Lola needs variety. Unfortunately, sex toys (good sex toys) are hella expensive, so all I do is dream. Dream about the day I can call one of these babies mine.

10. Mystic Wand

mystic-wand

The Mystic Wand is similar to a Hitachi, except it’s smaller and cordless, which allows you to bring it with you even where there are no electrical outlets. Every sex toy reviewer raves about this thing. It’s a favorite across the board and I want it.

9. Pure Wand

pure-wand

I’m more of a clit gal, but I do like g-spot toys and the NJoy Pure Wand is the holy grail of g-spot toys. Women who had never had g-spot orgasms before buying this toy rave about it like mad. I want to try it so bad! Maybe it’s the key to unlocking the mysteries of my g-spot.

8. Womanizer

womanizer

The Womanizer has a shitty name (sounds like the title to a Britney Spears song) and the color schems are horrible, but it’s pretty innovative. IT SUCKS YOUR CLIT, yo. A lot of reviewers were ready to hate this thing, but turns out it actually works and works well. Lola wants.

7. Doxy Don

doxy-don

The Doxy Don is a powerful plug-in anal vibrator that can also be used on your clit and vadge. Apparently, it has the best deep rumbly vibratrion.

6. Siri 2

siri-2

Lelo’s waterproof, more rumbly clitoral vibe. It’s a keeper and I want it.

5. Life Leaf

life-leaf

In a sea of pink vibrators, I’m just excited that this thing is green.
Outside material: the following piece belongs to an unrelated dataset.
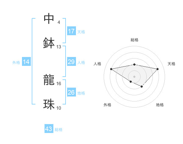 中鉢 龍珠さんの天格は17画の4点!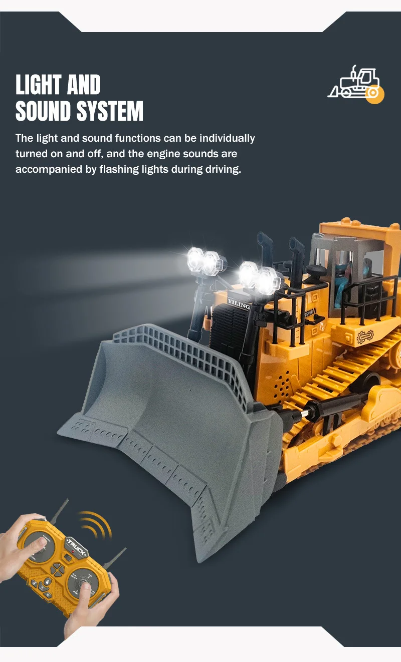 9 channel :Forward, backward, one-click demonstration, sound, light, left turn, right turn, push shovel up, push shovel down

AND IT’S SHAPPED LIKE A LEAF. A leaf, people. A leaf. It’s interesting shape and color aside, it’s acutally pretty powerful.

4. Mona 2

mona-2

One sex toy reviewer likes the Mona so much, she has multiples incase the break or they stop making them or something. It’s a g-spot vibe, but it can be used on your clit or however you like it.

3. Stronic Eins and/or Stronic Drei

stronic-eins

The Stronic Eins is a pulsator. It doesn’t vibrate, it pulsates, which means it thrusts itself into your orifices all by itself. Hands free! I want it so bad.

stronic-drei

The Stronic Drei is like the Stronic Eins except it looks like an alien tentacle penis. Plus it’s a cool blue color. WANT!

2. Big Boss

big-boss

The Big Boss is the king of vibrators. It’s huge for when you’re got that need for some big D. It has a nice elegant shape. The handle makes it easy to use and it kind of makes me weak in the knees just thinking about.

1. Eroscillator

eroscillator

The Eroscillator is not a vibrator, nor is it a pulsator, it’s an oscillator. I can’t give you a detailed sciency explanation of what that means, but I can tell you that it makes for an interesting sensation that is unlike anything we’ve been used to until now. Also, it looks like an alien insect penis had a baby with an electric toothbrush. I’m gonna say it again. I WANT IT!